Horst: „Datt Lernen hört nie auf!“

-

Ein schlechtes Wortspiel später würzt Johann ungeschickt-lakonisch dazu: „Wir verwerten alles – hähähähähähähähä….“ (schnell leiser werdend), während wieder einmal ein unbeschreibliches
(man ahnt es...)
durch die Menge brandet. Er stellt hastig Gläschen auf die Anrichte, die das köstliche Gut aufnehmen sollen.

Es ist angerichtet

Ja, nun ist etwas angerichtet worden! Trotz zahlreicher Irrungen und Wirrungen hat die Professionalität im Küchenbetrieb gesiegt: Vollgekleckerte Tellerränder werden durch am Gürtel getragene Tücher abgewischt, wie der gewichste Schnurrbart Horsts und entsorgte Kürbiskäppchen wurden geschickt durch schicke ALDI-Gläschen ersetzt oder aus dem Glaswaren-Shop um die Ecke zu 19,95 €, weiß keiner, interessiert auch keinen: wichtig ist ja immer der Inhalt, wenn das Auge bereits satt ist und erst wenn das Medium keinen Inhalt hat, dann zählt das Aussehen.
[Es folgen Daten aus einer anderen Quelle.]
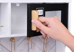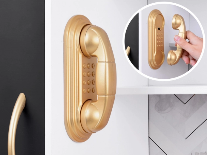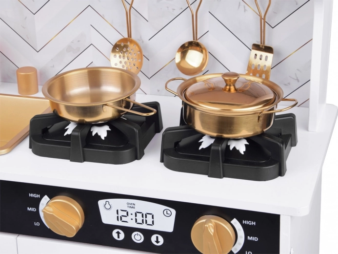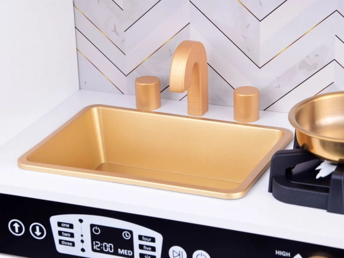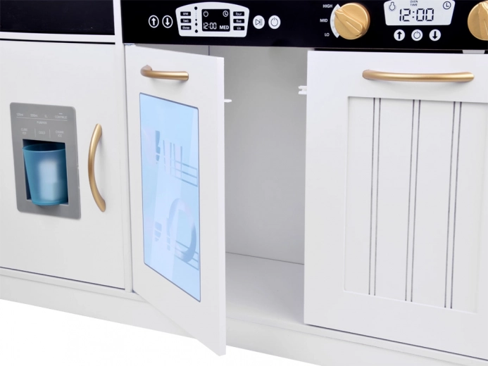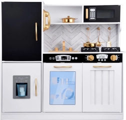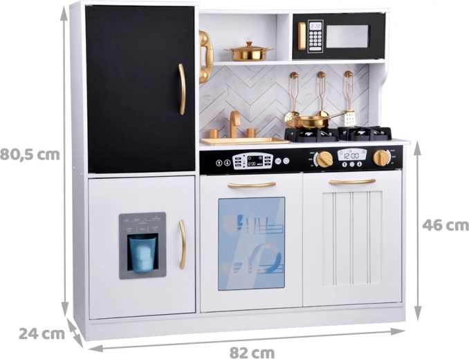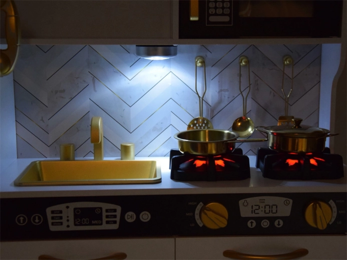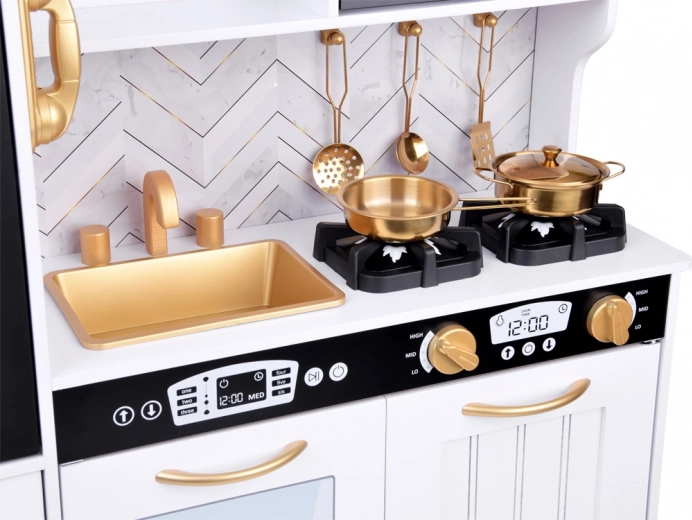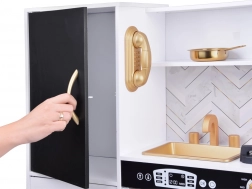 Vzbudite otrokovo zanimanje za kuhanje s to leseno kuhinjo, izdelano z veliko pozornosti do detajlov. Kuhinja ima pretežno bel dizajn s črnimi in zlatimi detajli, ki ji dajejo eleganco. Otroci lahko s kredo pišejo po tabli na hladilniku, posnemajo peko v pečici in pripravljajo jedi z realističnimi zvočnimi in svetlobnimi učinki.

Im Zweifel das von gestandenen Männern, die so erfolgreich sind, dass sie den ganzen Tag lachen möchten. Lachen ist ja ansteckend, Erfolg leider nicht. Aber das Publikum gibt sich bereits mit guter Laune zufrieden, weil alles bei aller vermeintlicher Lockerheit doch bieder seriös und glaubhaft war. Einzig allerdings verbleibt die Hoffnung, dass nach der Wiedergeburt der zahllosen gefilmten Hausfrauen-Zaubereien aus den Fünfzigern und den Finessen eines Paul Bocuse aus den Siebzigern, dass nach der vielgestaltigen Auferstehung der Hand- und Heimwerkerriege auf zahllosen Unterklasse-Sendern, um die Sendezeit zu füllen, nicht auch noch andere Branchen auf den Fernsehschirm drängen.

Nicht auszumalen, wenn die Bestatterzunft künftig das perfekte, wenn auch das letzte Dinner für die Zuschauer sendetüchtig machen: "So halten Sie Ihre Leiche länger frisch" oder "Schminktipps für matschige Verstorbene". Aber wenn es doch so kommt, mag man sich damit trösten, dass einem letztlich der schlechte Geschmack einfach abgeschafft wird, wenn man nur noch auf harten Brotkanten herumkaut und sich alles in eine Trauerbegleitung für glückliche Erben auflöst. Mahlzeit!